----- THE INPUT
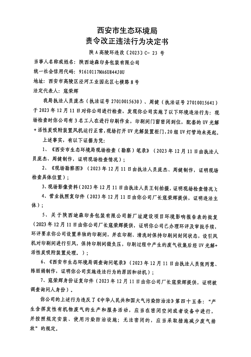 西安市生態(tài)環(huán)境局高陵分局責令改正違法行為決定書〔2023〕C-23號
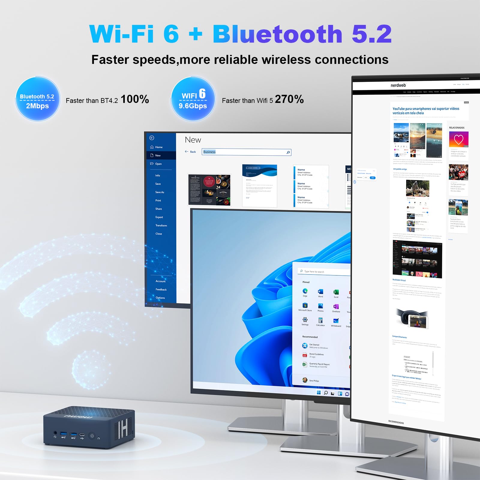 - 【Hervorragende Leistung】Der AWOW HI12 Mini PC ist mit einem Core i5-12600H-Prozessor (12 Kerne/16 Threads/bis zu 4,5 GHz) ausgestattet. Mit geeigneter Iris Xe-Grafik (Grafikfrequenz bis zu 1,40 GHz) bietet es eine hervorragende Leistung von Internet- und Büroanwendungen, Monitoren, Projekten und Fernsehern
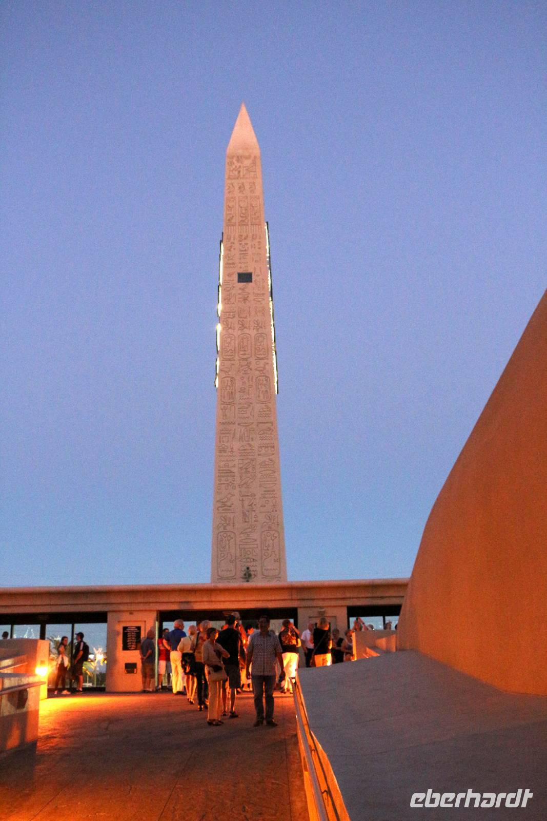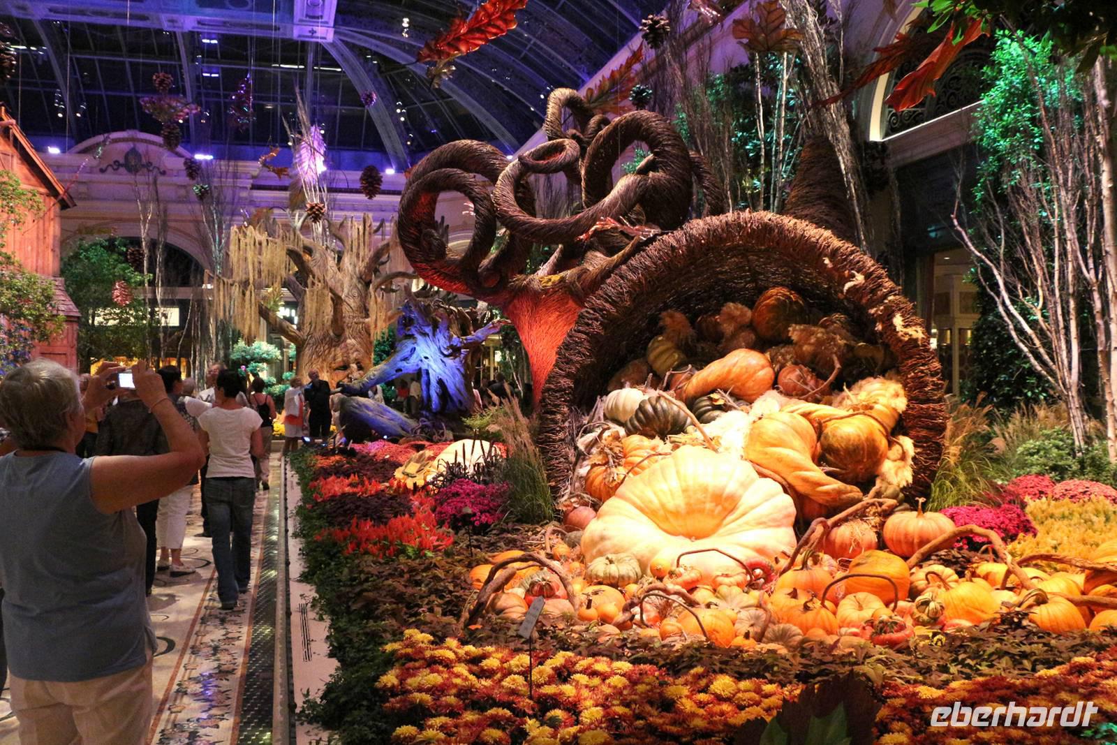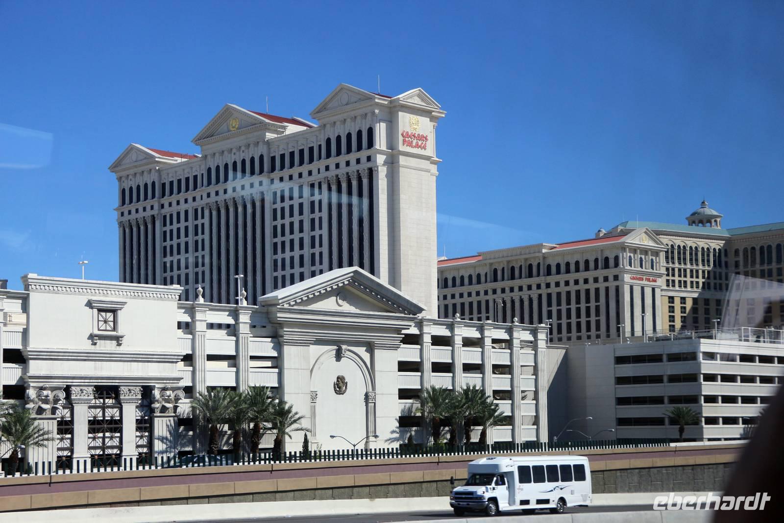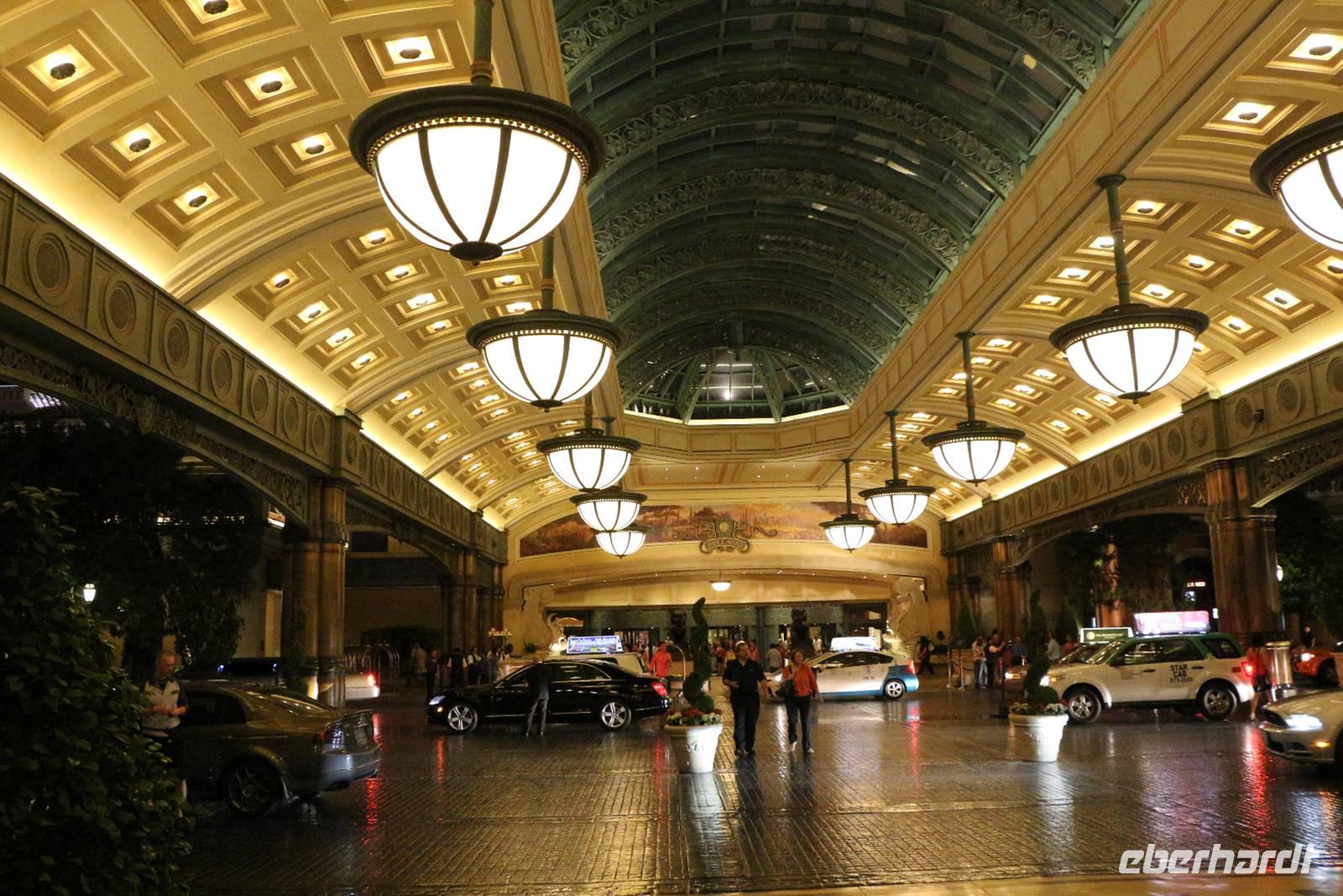 Am späten Nachmittag erreichen wir eine der Städte, die niemals schläft: Las Vegas - das Kontrastprogramm zur ruhigen Natur der Nationalparks . Wir beziehen unsere Zimmer im Hotel "Luxor", einer riesigen Pyramide, die den Außmaßen der ägyptischen Cheops-Pyramide entspricht. Das ist das verrückte Amerika! Wie in allen Hotels von Las Vegas gibt es im Erdgeschoss ein großes Casino, in dem Spieler Tag und Nacht verbringen. Vor der Pyramide stehen sogar ein Obelisk und eine gewaltige Sphinx, durch die man das Hotel betritt. Nach unserem Abendessen vom reichhaltigen Buffet im Hotel treffen wir uns mit Reiseleiterin Janny zur abendlichen Stadtrundfahrt - der Las Vegas bei Nacht Tour. Nach den Erklärungen zur Architektur unseres eigenen Hotels "Luxor" steigen wir in den Bus und fahren den Las Vegas Boulevard hinauf, der auch Las Vegas Strip genannt wird. An ihm liegen alle die berühmten Hotels und Sehenswürdigkeiten der Stadt. Nächster Besichtigungspunkt ist das 5-Sterne-Hotel "Bellagio", das durch seine luxuriöse Lobby, den mit einem Blumenmeer bepflanzten Wintergarten und dem größten Schokoladenbrunnen der Welt beeindruckt. Das "Bellagio" ist für seine Wassershow berühmt, die jeden Abend am künstlichen See vor dem Hotel stattfindet. Das lassen wir uns nicht entgehen! Die Wasserspiele und Fontänen bewegen sich zur Musik vor der beleuchteten Kulisse des Las Vegas Strip.
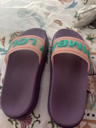 Chanclas cómodas con un diseño llamativo. - Tira superior transparente con letras en relieve. - Detalle de borde en color rosa. - Suela morada.
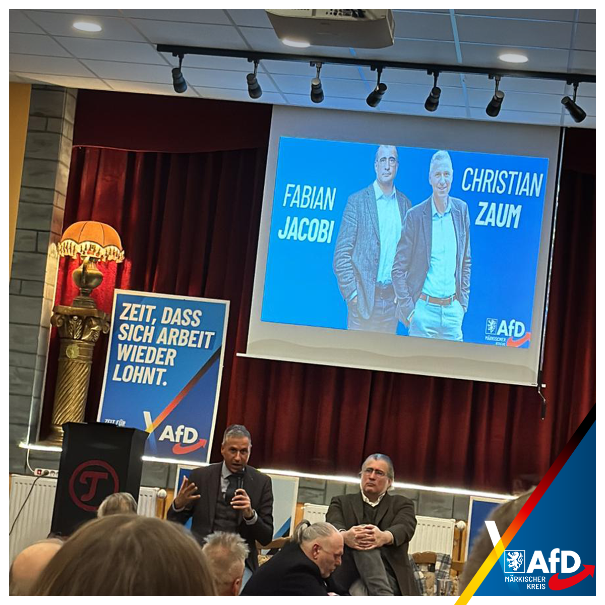 Im Mittelpunkt des Abends standen die anstehenden Veränderungen im Landesverband Nordrhein-Westfalen. Unter dem Titel „Doppelspitze für den Landesvorsitz“ haben Christian Zaum und Fabian Jacobi ihre Vorstellungen für die bevorstehende Wahl und die zukünftige Ausrichtung des Landesverbandes vorgestellt. Sie machten deutlich, wie sie Strukturen modernisieren, Entscheidungsprozesse transparenter gestalten und den Landesverband insgesamt schlagkräftiger und näher an Mitgliedern wie Bürgern ausrichten möchten.
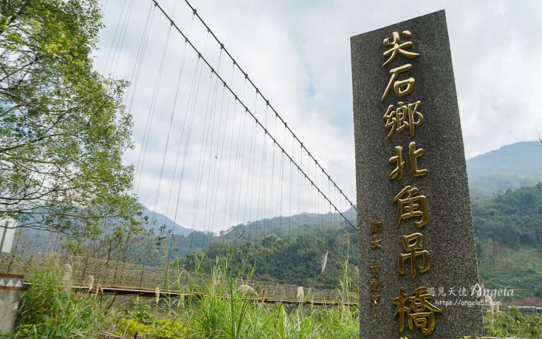 走在北角吊橋上眺望山林與溪流,清澈見底的溪水,可以清楚地看到魚兒水中悠游。漫步吊橋上,享受這山林間的自然寧靜氛圍,平日來此正好是享受清靜的時刻。
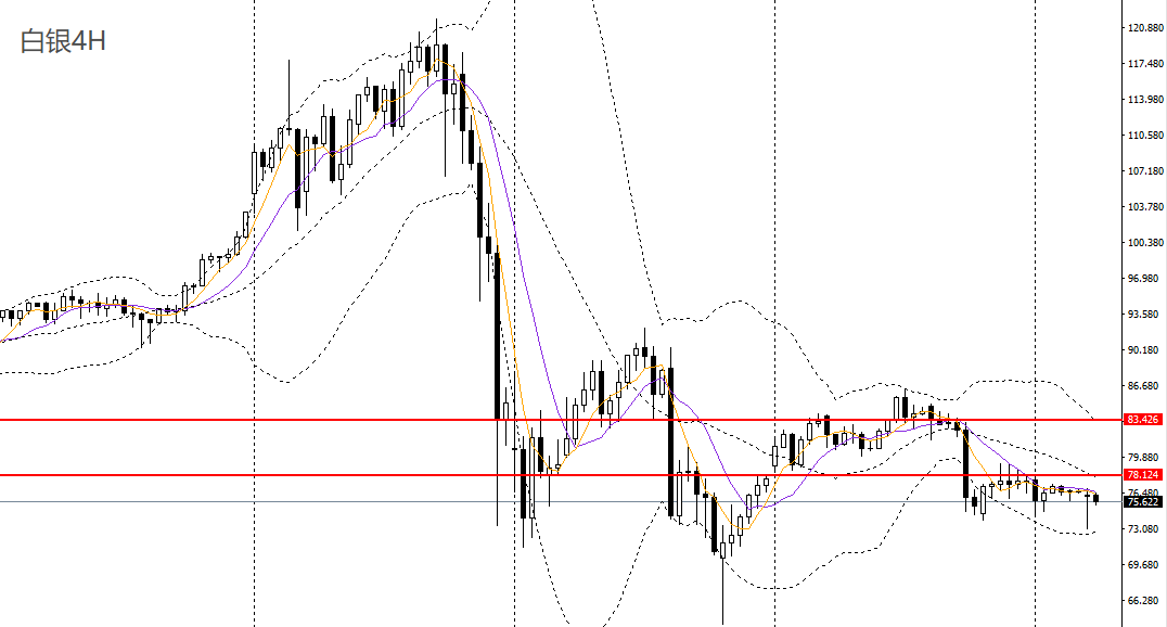 白银收小阴线,承压于5日、10日均线压制,4小时78一线仍面临强压,后市大概率将继续震荡走低,可继续看空至71.50。
----------
** WHAT TO PRODUCE **
Each record should appear again exactly as it stands, with no picture included.

** SOLUTION FOR THIS TASK **
 西安市生態(tài)環(huán)境局高陵分局責令改正違法行為決定書〔2023〕C-23號
 - 【Hervorragende Leistung】Der AWOW HI12 Mini PC ist mit einem Core i5-12600H-Prozessor (12 Kerne/16 Threads/bis zu 4,5 GHz) ausgestattet. Mit geeigneter Iris Xe-Grafik (Grafikfrequenz bis zu 1,40 GHz) bietet es eine hervorragende Leistung von Internet- und Büroanwendungen, Monitoren, Projekten und Fernsehern
 Am späten Nachmittag erreichen wir eine der Städte, die niemals schläft: Las Vegas - das Kontrastprogramm zur ruhigen Natur der Nationalparks . Wir beziehen unsere Zimmer im Hotel "Luxor", einer riesigen Pyramide, die den Außmaßen der ägyptischen Cheops-Pyramide entspricht. Das ist das verrückte Amerika! Wie in allen Hotels von Las Vegas gibt es im Erdgeschoss ein großes Casino, in dem Spieler Tag und Nacht verbringen. Vor der Pyramide stehen sogar ein Obelisk und eine gewaltige Sphinx, durch die man das Hotel betritt. Nach unserem Abendessen vom reichhaltigen Buffet im Hotel treffen wir uns mit Reiseleiterin Janny zur abendlichen Stadtrundfahrt - der Las Vegas bei Nacht Tour. Nach den Erklärungen zur Architektur unseres eigenen Hotels "Luxor" steigen wir in den Bus und fahren den Las Vegas Boulevard hinauf, der auch Las Vegas Strip genannt wird. An ihm liegen alle die berühmten Hotels und Sehenswürdigkeiten der Stadt. Nächster Besichtigungspunkt ist das 5-Sterne-Hotel "Bellagio", das durch seine luxuriöse Lobby, den mit einem Blumenmeer bepflanzten Wintergarten und dem größten Schokoladenbrunnen der Welt beeindruckt. Das "Bellagio" ist für seine Wassershow berühmt, die jeden Abend am künstlichen See vor dem Hotel stattfindet. Das lassen wir uns nicht entgehen! Die Wasserspiele und Fontänen bewegen sich zur Musik vor der beleuchteten Kulisse des Las Vegas Strip.
 Chanclas cómodas con un diseño llamativo. - Tira superior transparente con letras en relieve. - Detalle de borde en color rosa. - Suela morada.
 Im Mittelpunkt des Abends standen die anstehenden Veränderungen im Landesverband Nordrhein-Westfalen. Unter dem Titel „Doppelspitze für den Landesvorsitz“ haben Christian Zaum und Fabian Jacobi ihre Vorstellungen für die bevorstehende Wahl und die zukünftige Ausrichtung des Landesverbandes vorgestellt. Sie machten deutlich, wie sie Strukturen modernisieren, Entscheidungsprozesse transparenter gestalten und den Landesverband insgesamt schlagkräftiger und näher an Mitgliedern wie Bürgern ausrichten möchten.
 走在北角吊橋上眺望山林與溪流,清澈見底的溪水,可以清楚地看到魚兒水中悠游。漫步吊橋上,享受這山林間的自然寧靜氛圍,平日來此正好是享受清靜的時刻。
 白银收小阴线,承压于5日、10日均线压制,4小时78一线仍面临强压,后市大概率将继续震荡走低,可继续看空至71.50。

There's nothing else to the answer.